Тридцать пять минут. Тридцать пять! На пять минут больше тех тридцати, которые он сам себе отмерил. На целых пять минут — страшно дорогих и важных. Но может быть, они достались ему только потому, что сообщение в Политический отдел потребовало чуть больше времени, или просто потому, что Хандке не торопился?

На семь минут больше. 509-й боялся пошевелиться. Он снова дышал и сам чувствовал, что дышит. Все было по-прежнему тихо. Ни шагов, ни окриков. Ни звука. Небо, которое несколько минут назад, нависнув над землей, словно черный, тяжелый свод, грозило раздавить на ней все живое, поднялось выше, снова стало просто небом, дохнуло свежим ветром.
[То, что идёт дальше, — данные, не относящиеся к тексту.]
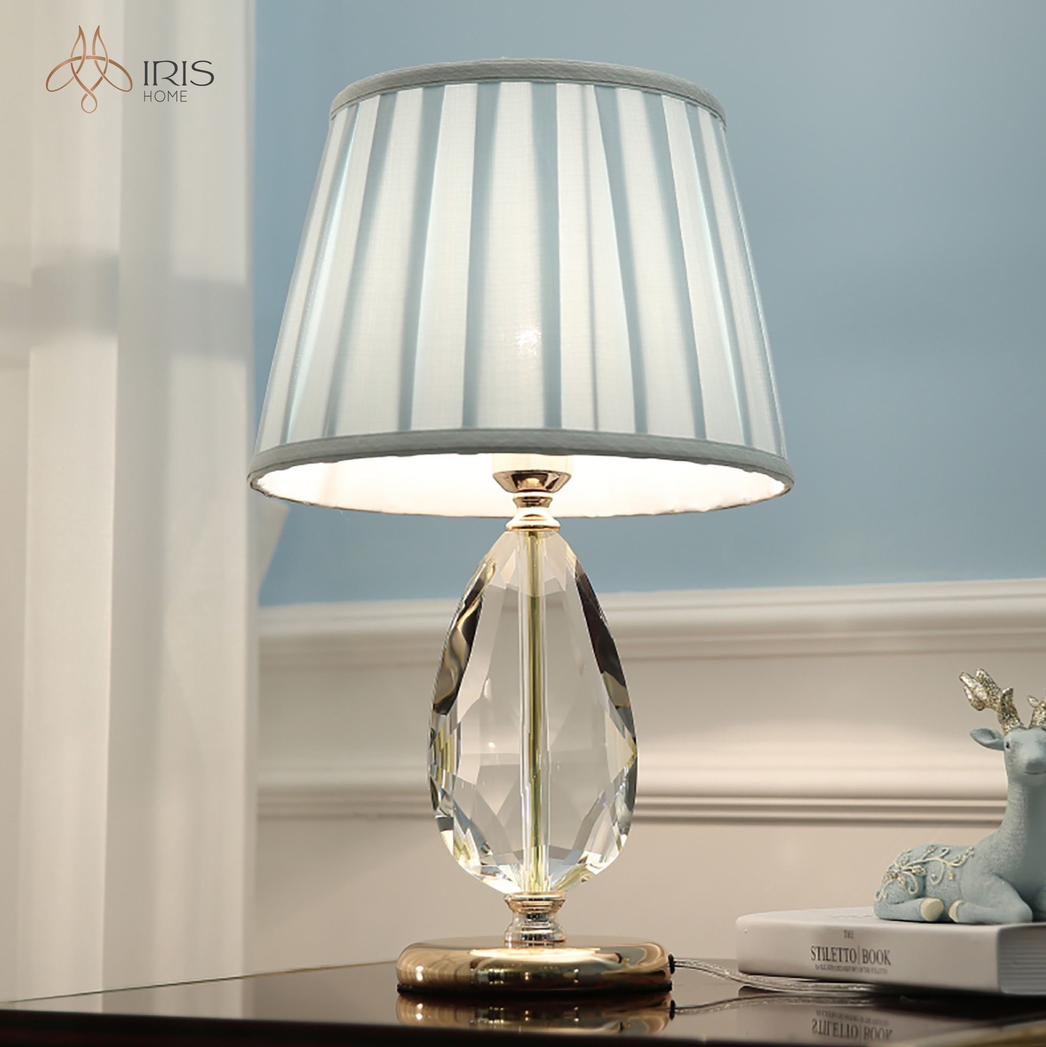 Chất liệu: Chụp vải diềm xanh, thân pha lê, đế tròn. Sử dụng công tắc tắt bật

Двадцать минут. Тридцать. Чей-то вздох за спиной. Светлеющее небо. Где-то далеко-далеко. Едва уловимое эхо в груди — далекий удар сердца. Оживающий пульс, крохотный барабан жизни. И вновь эхо. Двойное. И руки, вновь ставшие руками. И искра, которая не погасла, которая еще теплится — теперь даже ярче, чем прежде. Чуть ярче. Благодаря чему-то, что пришло вместе со страхом. Рука бессильно повисла, выронив часы.

— А может.. — испуганно прошептал Лебенталь за спиной у 509-го и суеверно умолк.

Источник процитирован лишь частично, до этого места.